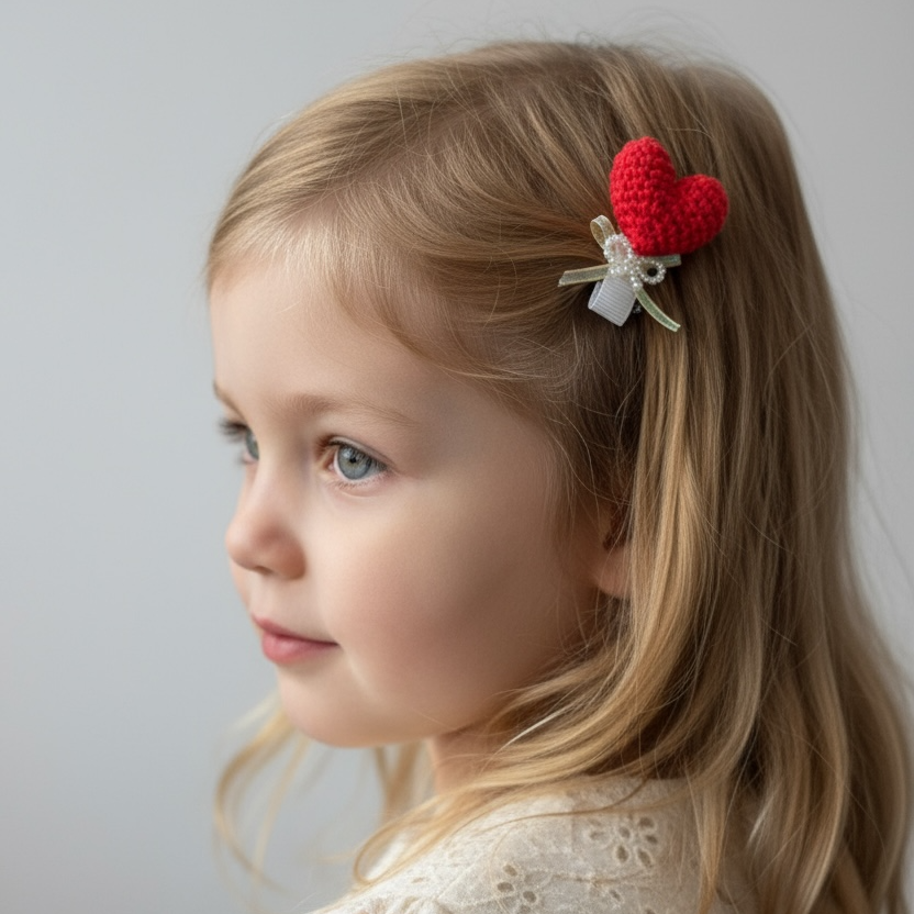 Sevgi ve zarafeti bir araya getiren amigurumi kalp klips toka, romantik ve sevimli tasarımıyla bebek ve çocuk saç aksesuarları arasında özel bir yere sahiptir. El yapımı örgü kalp formu sıcak ve duygusal bir görünüm sunarken inci detayları tokaya zarif bir ışıltı katar. Alt kısmındaki tül fiyonk süsleme ise tasarıma romantik ve vintage bir dokunuş ekler.
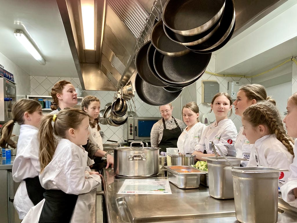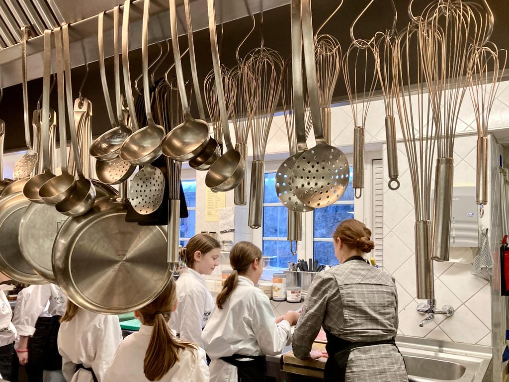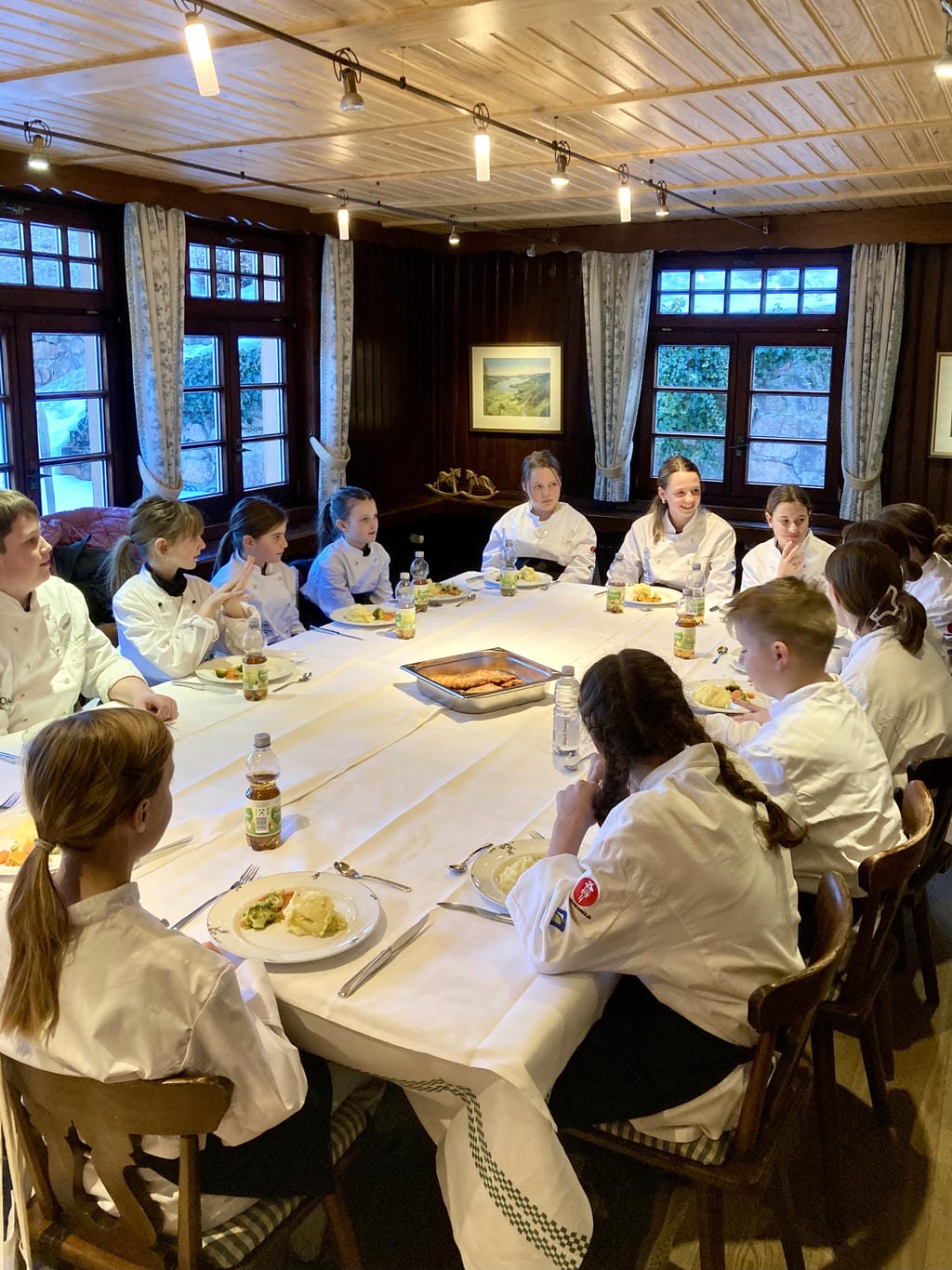 Hochbetrieb im Adler Bärental! Und das an einem Ruhetag! 14 von 15 Kindern der Schlemmerbande Hochschwarzwald sind zu Gast bei Aline Wimmer-You, die abwechselnd mit zwei weiteren Naturpark-Wirten und Meistervereinigungsmitgliedern die Gruppe betreut. Nachdem es bei Johannes Dünnebacke vom Hotel Schlehdorn rund um Kürbis ging und bei Matthias Hermann in seiner Waldkuchi Süßes gebacken wurde, gibt es diesmal … Schnitzel!
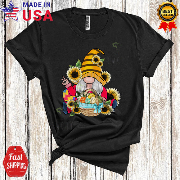 Funny Sunflowers Gnomes Holding Easter Eggs Basket Cool Funny Easter Egg Hunt Bunny T-Shirt
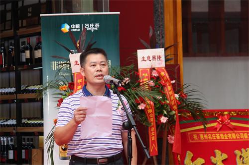 下午3时许,开业仪式正式开始,惠州名庄荟酒业有限公司陈立荟总经理致欢迎词,对前来参加开业庆典的领导、嘉宾和经销商表示热烈的欢迎,并感谢广大客户对惠州名庄荟酒业有限公司的信任与支持!

◆ **EXERCISE REQUIREMENTS**
Restate word for word, please, the line containing "Funny Sunflowers Gnomes" and all lines after it through the end of the material; the pictures do not belong in the copy.

◆ **OUTPUT OF THE EXERCISE**
 Funny Sunflowers Gnomes Holding Easter Eggs Basket Cool Funny Easter Egg Hunt Bunny T-Shirt
 下午3时许,开业仪式正式开始,惠州名庄荟酒业有限公司陈立荟总经理致欢迎词,对前来参加开业庆典的领导、嘉宾和经销商表示热烈的欢迎,并感谢广大客户对惠州名庄荟酒业有限公司的信任与支持!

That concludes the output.